- WHAT THIS TASK INVOLVES
Beginning with the line containing "Cardinal || 12mm" and ending with the line containing "송언석 국민의힘 원내대표가", write out each line of the records below exactly; pictures and lines outside that range are left out.

- EXERCISE MATERIAL
--*--
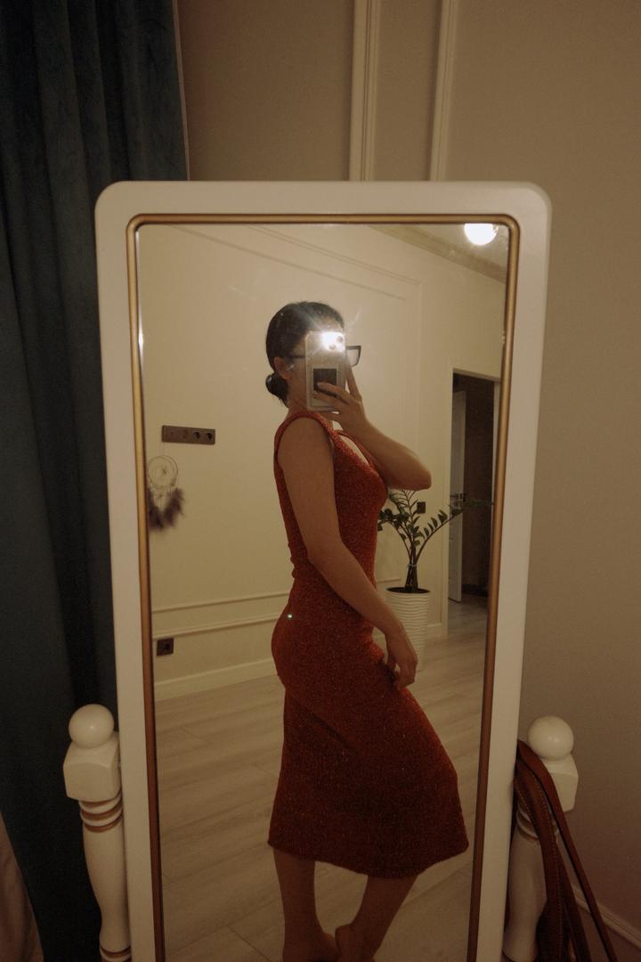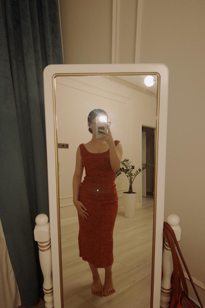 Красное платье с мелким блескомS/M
--*--
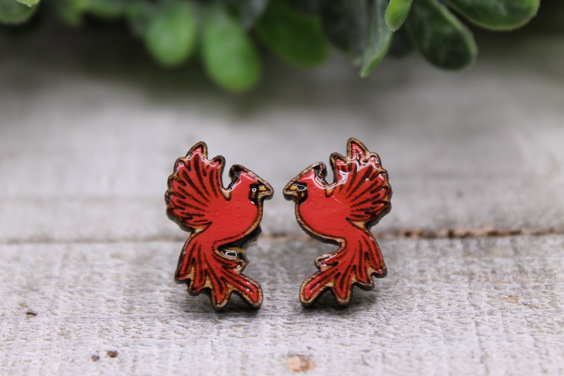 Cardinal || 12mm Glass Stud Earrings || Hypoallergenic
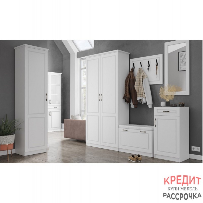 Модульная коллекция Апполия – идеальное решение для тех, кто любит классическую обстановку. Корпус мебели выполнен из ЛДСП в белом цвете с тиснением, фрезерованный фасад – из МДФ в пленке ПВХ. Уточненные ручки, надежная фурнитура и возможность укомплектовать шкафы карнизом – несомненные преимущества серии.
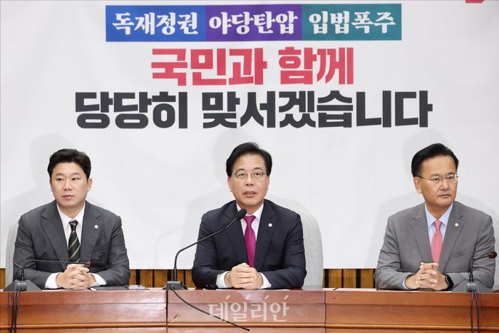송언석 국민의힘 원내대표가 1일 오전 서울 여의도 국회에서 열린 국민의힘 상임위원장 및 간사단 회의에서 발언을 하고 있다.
--*--
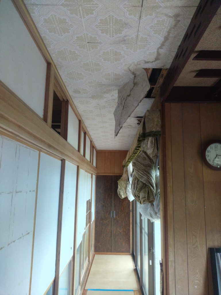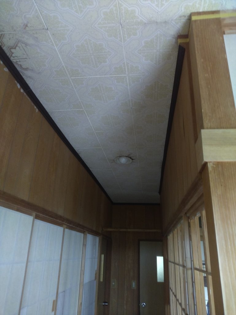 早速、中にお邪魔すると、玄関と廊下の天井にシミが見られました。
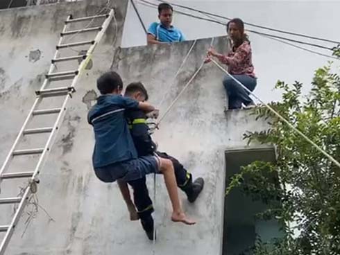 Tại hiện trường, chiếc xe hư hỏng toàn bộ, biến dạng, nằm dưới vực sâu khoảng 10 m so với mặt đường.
--*--
- RESPONSE TO THIS EXERCISE
 Cardinal || 12mm Glass Stud Earrings || Hypoallergenic
 Модульная коллекция Апполия – идеальное решение для тех, кто любит классическую обстановку. Корпус мебели выполнен из ЛДСП в белом цвете с тиснением, фрезерованный фасад – из МДФ в пленке ПВХ. Уточненные ручки, надежная фурнитура и возможность укомплектовать шкафы карнизом – несомненные преимущества серии.
송언석 국민의힘 원내대표가 1일 오전 서울 여의도 국회에서 열린 국민의힘 상임위원장 및 간사단 회의에서 발언을 하고 있다.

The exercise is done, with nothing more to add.